** Given data follows **
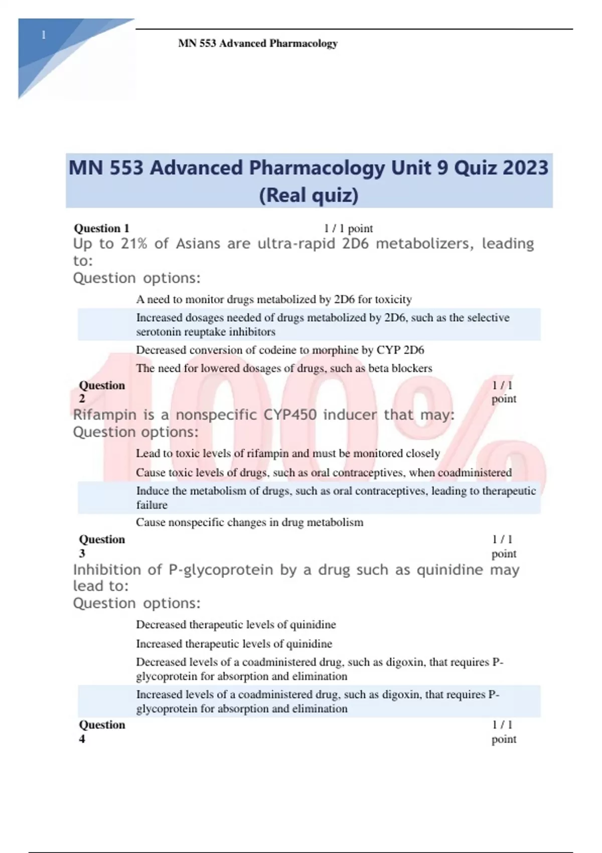 MN 553 Advanced Pharmacology Unit 9 Quiz 2023 (Real quiz) MN 553 Advanced Pharmacology Unit 9 Quiz 2023 (Real quiz) MN 553 Advanced Pharmacology Unit 9 Quiz 2023 (Real quiz)
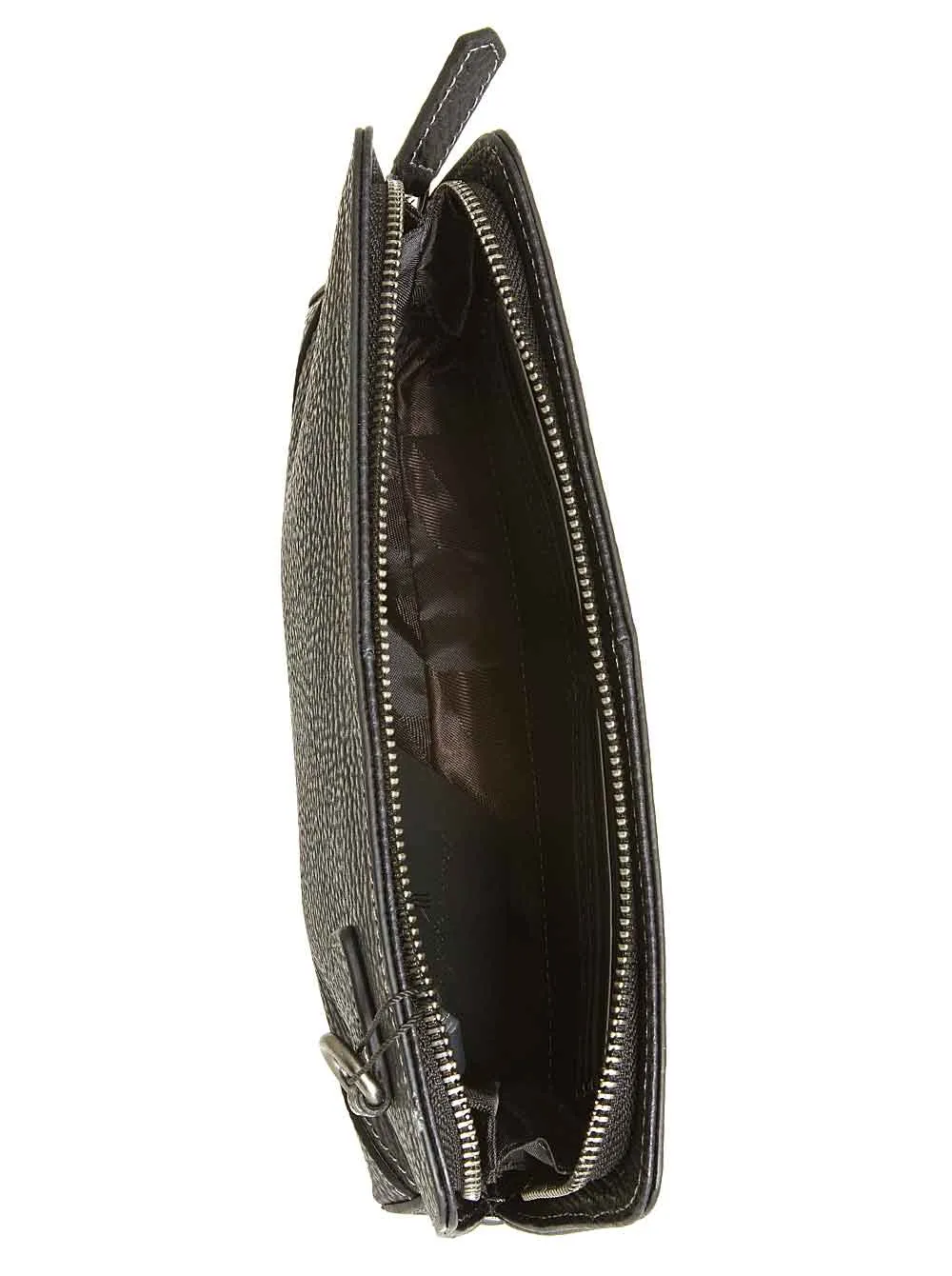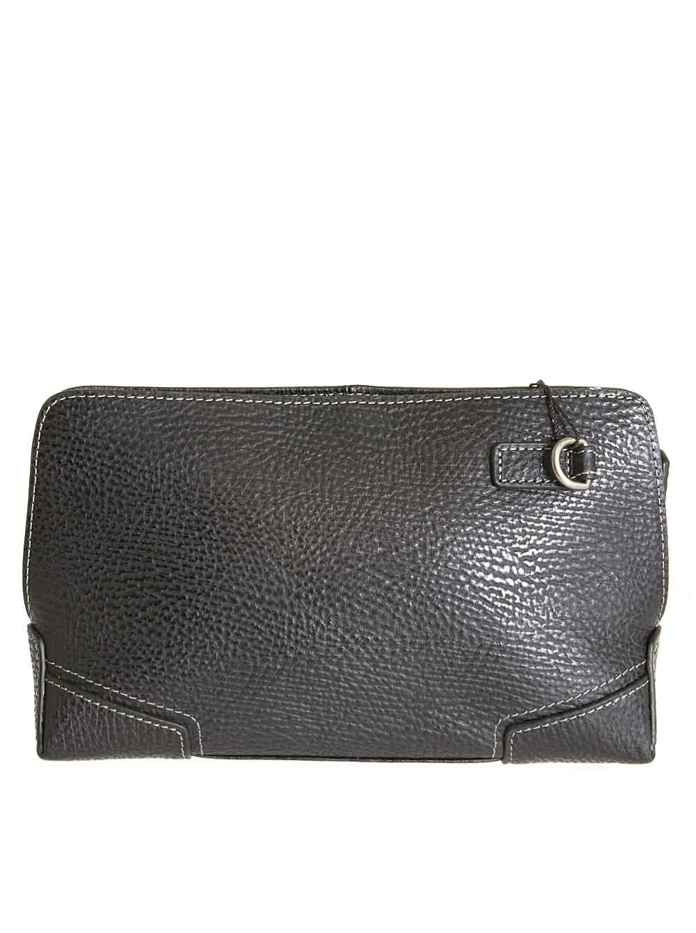 Брутальный мужской клатч из прочной фактурной кожи с рисунком под оленя, укомплектован коротким ремешком для ношения на кисти, закрывается на молнию. Небольшой, но достаточно вместительный. Нижние углы и дно изделия усилены накладкой из кожи, что продлевает срок службы изделия, а контрастная отсрочка придает модели стильности и современности. Внутри - просторное отделение с открытым карманом для мобильного телефона, карманом для документов на молнии и шестью кармашками для визиток и пластиковых карт. Великолепная модель с настоящим мужским характером и безупречным функционалом.
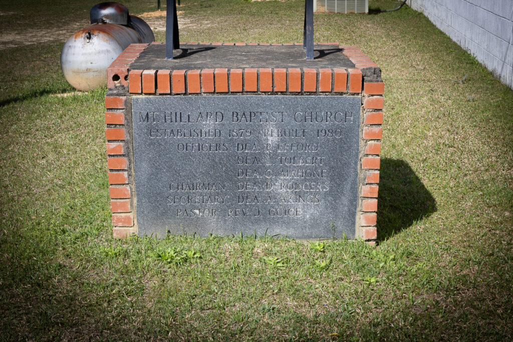 Mount Hilliard Baptist ChurchEstablished 1879Rebuilt 1980Located at 445 County Road 53, Banks. 31.92940, -85.67786
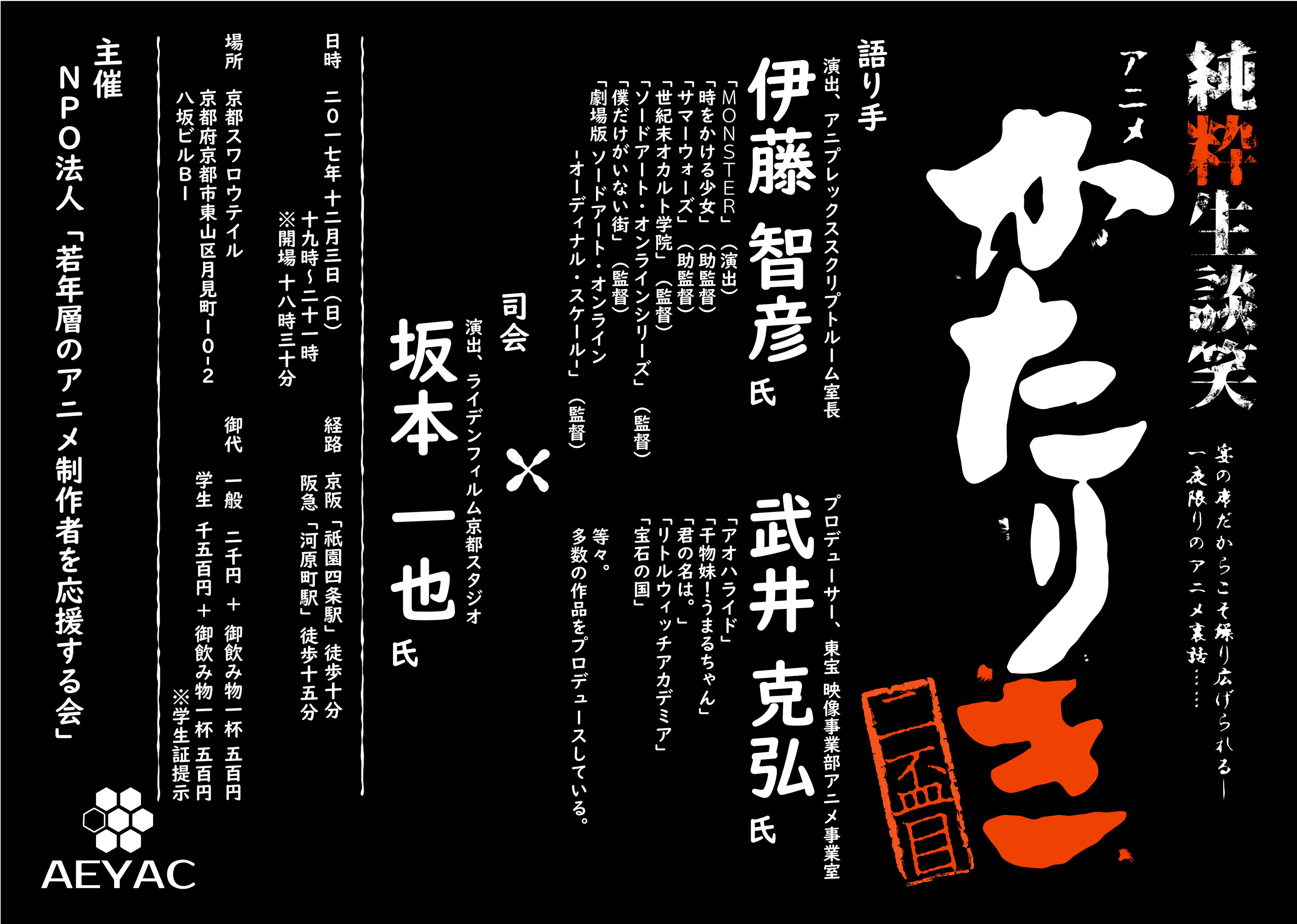 現在、私たちAEYACに所属する京都大学の学生を中心に、11月25日(日)に京都大学11月祭にてアニメ制作会社スタジオコロリドの創業者・宇田英男氏、監督・石田祐康氏をお招きし、「アニメーションスタジオの可能性」をテーマに講演会の開催を企画しています。
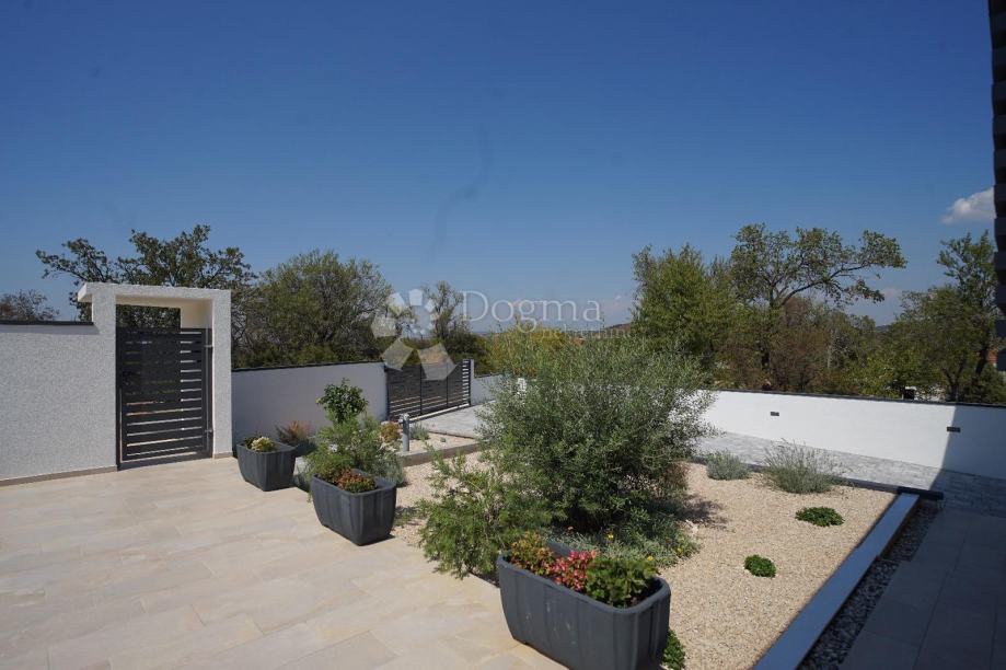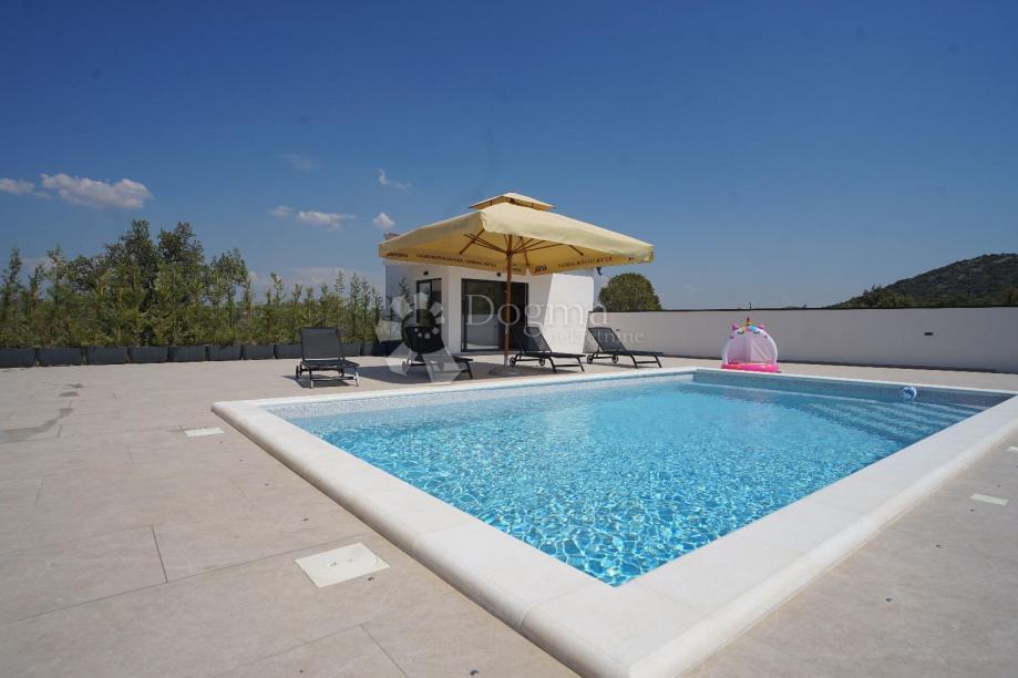 Vila je izgrađena na parceli od 789 m², a zajedno s pratećim zemljištem čini cjelinu od 5.000 m². Objekt je izveden kao visoka prizemnica s vrhunskim materijalima, uređena za vlastito uživanje i spremna za useljenje.
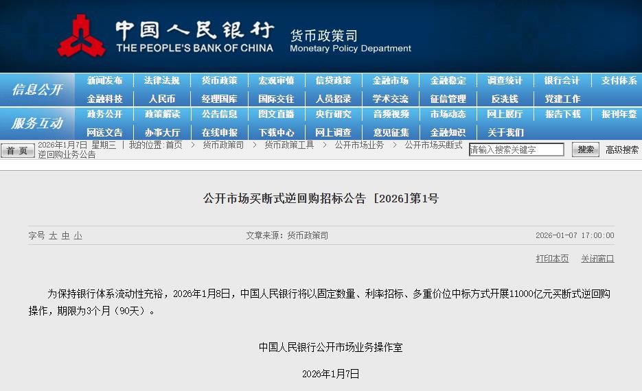 为保持银行体系流动性充裕,2026年1月8日,中国人民银行将以固定数量、利率招标、多重价位中标方式开展11000亿元买断式逆回购操作,期限为3个月(90天)。
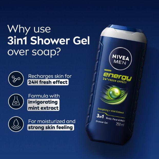 NIVEA MEN Body Wash, Energy with Mint Extracts, Shower Gel for Body, Face & Hair(250ml).
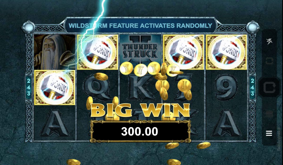 Numerous thrilling bonus elements in Thunderstruck II improve gameplay and increase the possibility of large wins. The Great Hall of Spins, a multi-level free spins feature that gives players ever more potent bonuses the more they activate it, is the main draw. Furthermore, the Wildstorm Feature provides the possibility of full-reel wilds, which can result in enormous rewards.
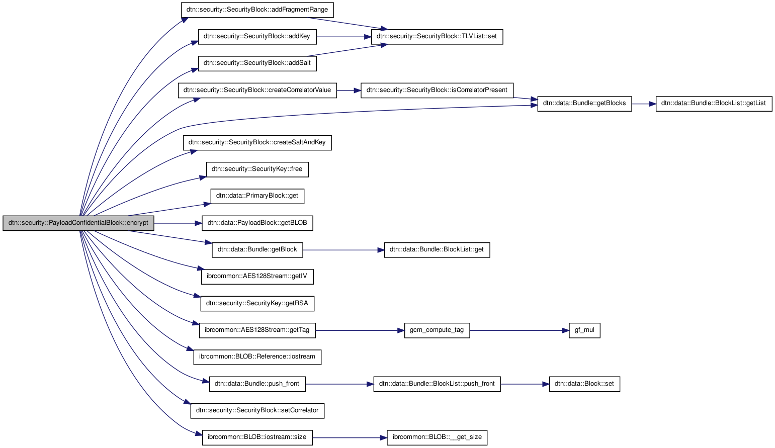The PayloadConfidentialBlock encrypts the payload, PayloadConfidentialBlocks, which are already there and PayloadIntegrityBlocks, which are already there. Payload Confidential or Integrity Blocks are encrypted because they can contain e.g. signatures which make guessing the plaintext easier. You can instantiate a factory, which will take care of everything. The factory can be given a rsa key and the corresponding node. You may wish to add more keys using addDestination(), so one or more nodes are able to recover the payload. For each destination a PayloadConfidentialBlock is placed in the bundle, when calling encrypt(). Be sure, that no other PayloadConfidentialBlocks or PayloadIntegrityBlocks are inside this bundle if using encryption with more than one key.
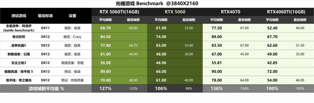 ▼4k分辨率,還是那2款遊戲明顯低於RTX4060Ti ,去除這2款遊戲,RTX5060可以反超RTX4060Ti 。
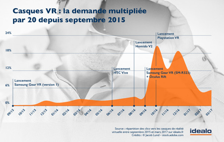 L’arrivée d’autres modèles lors du deuxième semestre 2016 comme le Homido V2, le Samsung Gear VR (SM-R323) ou encore le casque PlayStation VR compatible avec la PS4 ont engendré un boom de la demande. Alors que la demande s’élevait à 24 % entre septembre 2015 et septembre 2016 et stagnait mois par mois autour de 1 à 3 %, elle a pris son envol en octobre 2016. Durant ce mois record, un pic de la demande de 21 % a été enregistré, soit presque autant que lors des 12 mois précédents.. Dans l’ensemble, le dernier trimestre 2016 a été un succès pour le marché de la réalité virtuelle puisque 44 % de la demande se sont concentrés sur cette période. Après les fêtes de fin d’année et la période des soldes, la demande est redescendue à environ 5 % par mois, chiffre qui peut paraître bas mais qui est tout de même 20 fois plus élevé qu’en septembre 2015 et 2 fois plus élevé qu’en mars 2016.
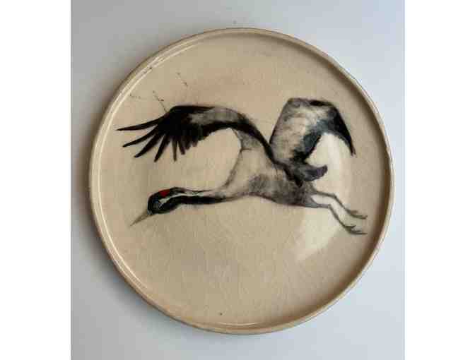 Handmade Pottery Plate with crane image
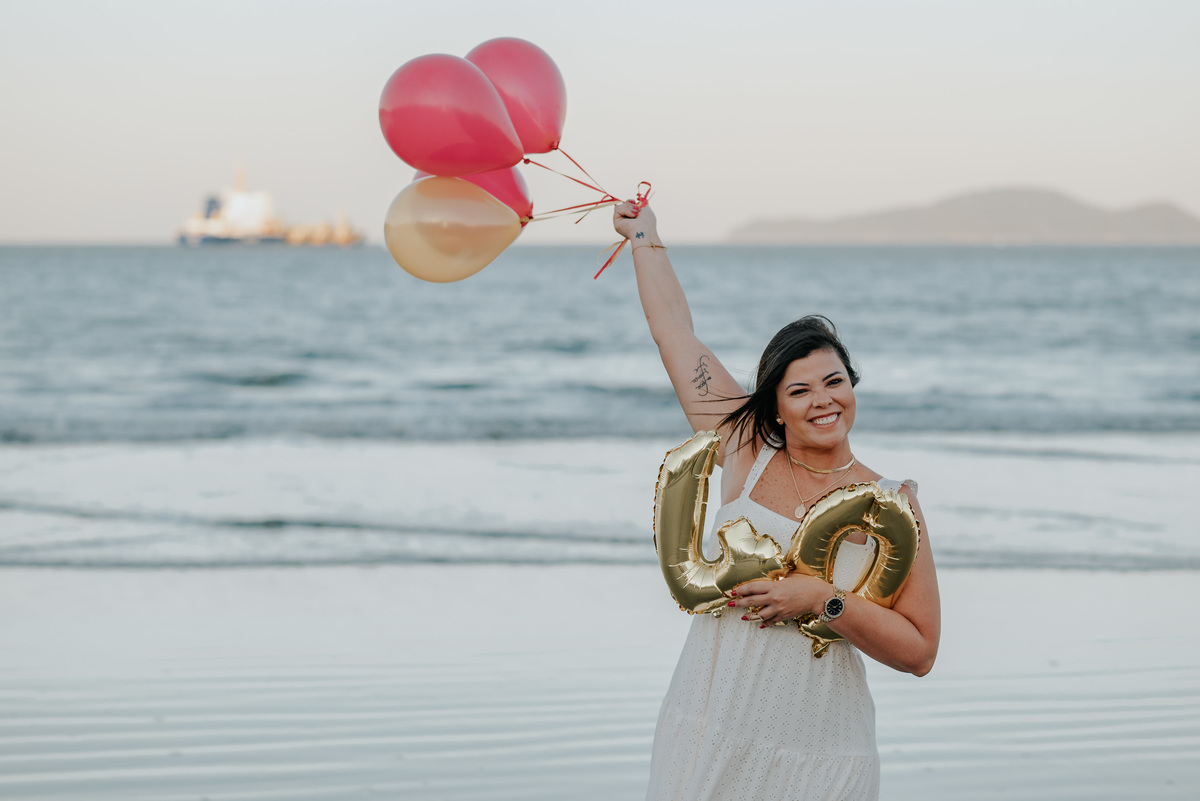 A definição do local para o ensaio fotográfico é uma missão bem difícil, no caso da Sheila, as fotos na praia com balões era algo indispensável, assim como as fotos com seu marido e o bolo para marcar a data tão esperada. Definimos então fazer as fotos na praia, em Santos ( litoral de SP) e em seu apartamento, dessa forma abrangemos os critérios importantes e o registro ficou bem completinho.
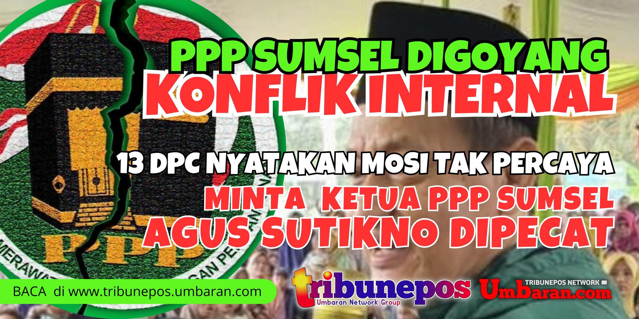 TRIBUNEPOS.UMBARAN.COM | GILIRAN Partai Persatuan Pembangunan (PPP) Sumsel dilanda konflik internal. Sebanyak 13 pengurus DPC PPP menyatakan mosi tidak percaya kepada Ketua DPW PPP Sumsel, Agus Sutikno. Mereka menuntut DPP PPP memberhentikan Agus dari kepengurusan.
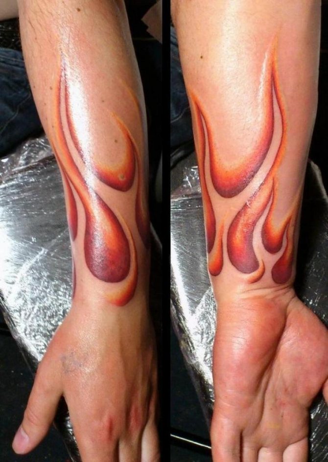 火の入れ墨は、そのようなデザインの所有者が恐れを知らず、どんな危険も恐れないというシンボルにもなりえます。しかし、コントロールが効かず、誰にも従わないし、攻撃的な面もある。
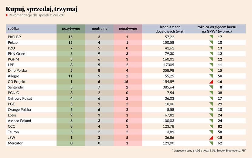 PZU, PGNiG i Asseco Poland to spółki z WIG20, dla których nie obowiązuje obecnie ani jedna negatywna rekomendacja, wynika z danych agencji Bloomberg. Średnia z cen docelowych dla każdej z tych spółek jest o co najmniej kilkanaście procent wyższa od kursu na GPW. Największa różnica między wycenami teoretycznymi a wycenę rynkową dotyczy natomiast CCC, co jest w dużej mierze konsekwencją około 40-procentowej przeceny akcji obuwniczej spółki od początku tego roku. Inwestorzy obawiają się wzrostu kosztów i wysokiego zadłużenia (zwłaszcza w otoczeniu rosnących stóp procentowych), a analitycy zapewne już wnikliwie analizują najnowszy raport spółki i wkrótce można spodziewać się aktualizacji raportów. Nie należy jednak przesądzać, że będą one zawierały niższe ceny docelowe.
** End of Given data **
What are the lines above from the one with "Mount Hilliard Baptist" to the one with "NIVEA MEN Body", both included? Reproduce them exactly, without pictures.

- [The completed task]:
 Mount Hilliard Baptist ChurchEstablished 1879Rebuilt 1980Located at 445 County Road 53, Banks. 31.92940, -85.67786
 現在、私たちAEYACに所属する京都大学の学生を中心に、11月25日(日)に京都大学11月祭にてアニメ制作会社スタジオコロリドの創業者・宇田英男氏、監督・石田祐康氏をお招きし、「アニメーションスタジオの可能性」をテーマに講演会の開催を企画しています。
 Vila je izgrađena na parceli od 789 m², a zajedno s pratećim zemljištem čini cjelinu od 5.000 m². Objekt je izveden kao visoka prizemnica s vrhunskim materijalima, uređena za vlastito uživanje i spremna za useljenje.
 为保持银行体系流动性充裕,2026年1月8日,中国人民银行将以固定数量、利率招标、多重价位中标方式开展11000亿元买断式逆回购操作,期限为3个月(90天)。
 NIVEA MEN Body Wash, Energy with Mint Extracts, Shower Gel for Body, Face & Hair(250ml).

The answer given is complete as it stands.